每一种动物,尤其每一个人,如果要在这一世界生存和发展,那就必须获得某一合适比例的意欲和认识力。大自然越是精确地为他(它)作出了这方面的安排,那他也就越能安全、适意地度过自己的一生。而大概接近正确的程度也足以保护他免遭毁灭。当然,上述合适和正确的比例有其一定的幅度。下面就是在这一方面获得认可的标准。因为认识力的天然使命就是为意欲照明道路,并为其指引步伐,所以,意欲的内在冲动越厉害和激烈,那这一意欲所配备的认识力就必须越完善和敏锐。只有这样,强烈的渴望和欲求、炽热的激情、剧烈的情感等才不至于把人们引入迷途,或者驱使人们作出欠缺考虑、铸成大错的行为,或者走向毁灭。如果意欲相当强烈而认识力又相当微弱,诸如此类的情形就会不可避免地发生。相比之下,一个麻木不仁的人,也就是说,一个意欲衰弱、呆滞的人,则只需具备微弱、有限的认识力就可以生存下去。
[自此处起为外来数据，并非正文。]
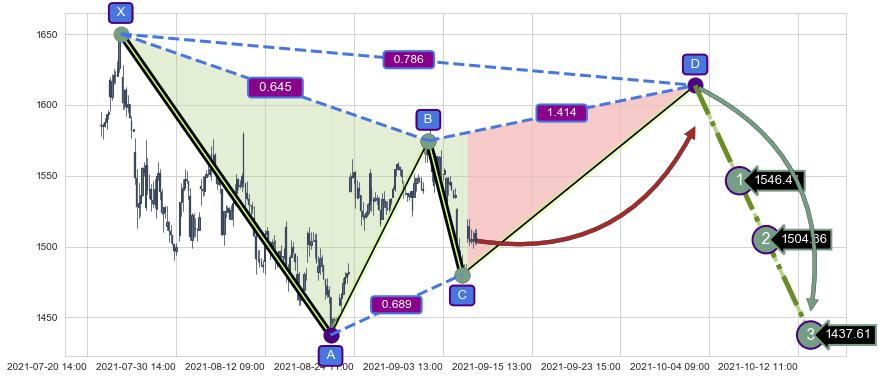➣ D点拟合预测价格1613.67,距离最后交易收盘价格1504.08相差 +7.29%
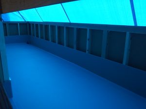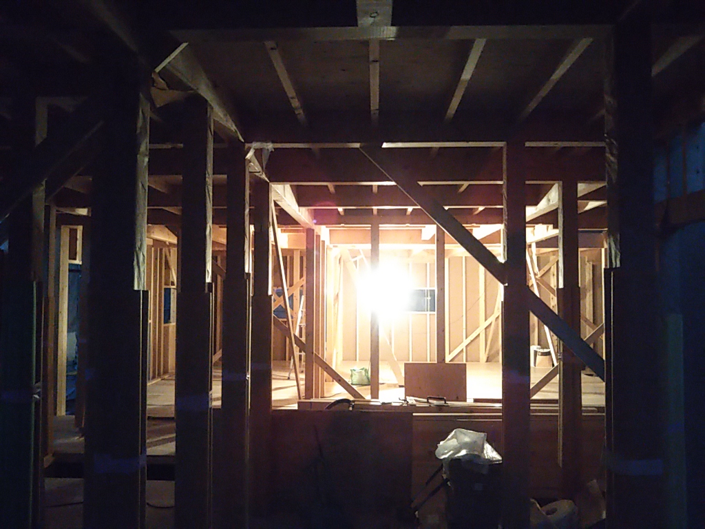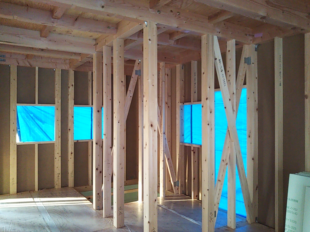 屋根以外の防水下地はこれから施工となりますので、それまでの雨対策として外部をブルーシートで覆います。内部は一転して青の世界。明日からは棟梁一人の作業がコツコツと続いていきます。

一个温和、节制[92]有度的人只需要普通、一般的智力就足够了。一般来说,意欲和认识力之间的不成比例、亦即偏离上述的正常比例都会造成人们的不幸福,哪怕这种不成比例是由于认识力超出比例所致。也就是说,认识力获得超常和显着的发展并由此形成对意欲的不成比例的压倒性的优势——类似情形构成了真正天才的本质——不仅对于生活的需要和目标而言是多余的,同时也完全是有害的。这种人早在青年时代,在理解、把握这一客观世界方面就有着充裕的能量,另外,加上活跃的想象力和完全欠缺经验——这就造成这种人的头脑轻易接受夸张的观念,甚至虚幻不实的东西,并以此填塞自己的头脑。一种偏执乖僻的性格就由此形成。甚至在稍后的岁月,当他们获得了经验教训并把原先的夸张、虚幻的东西忘掉和放弃以后,这种具有过分充裕认识力的天才仍然永远不会在平凡、普通的外在世界和小市民的生活中得心应手,他们不会像那些只具备正常认识力的人那样恰到好处地契入这样的生活,时时处处都表现得如鱼得水。相反,这种人经常会犯下一些奇怪的错误。这是因为认识力平平的人在自己观念和知识的狭窄范围内,能够完全驾轻就熟;在这一地盘里无人比他更能活动自如,他的认识力始终如一地忠实于它原初的目的,履行为意欲服务的职责,心无旁骛,从来不作非分之奢想。但一个认识力方面的天才,归根到底却是一个“由于过分盈余而变成的怪物”——就像我已在讨论天才时所说过的那样[1]。与此相反的情形:一个激烈、冲动但又缺乏认识力的人,一个没有头脑的野蛮人,则是“由于缺陷不足而变成的怪物”。[93]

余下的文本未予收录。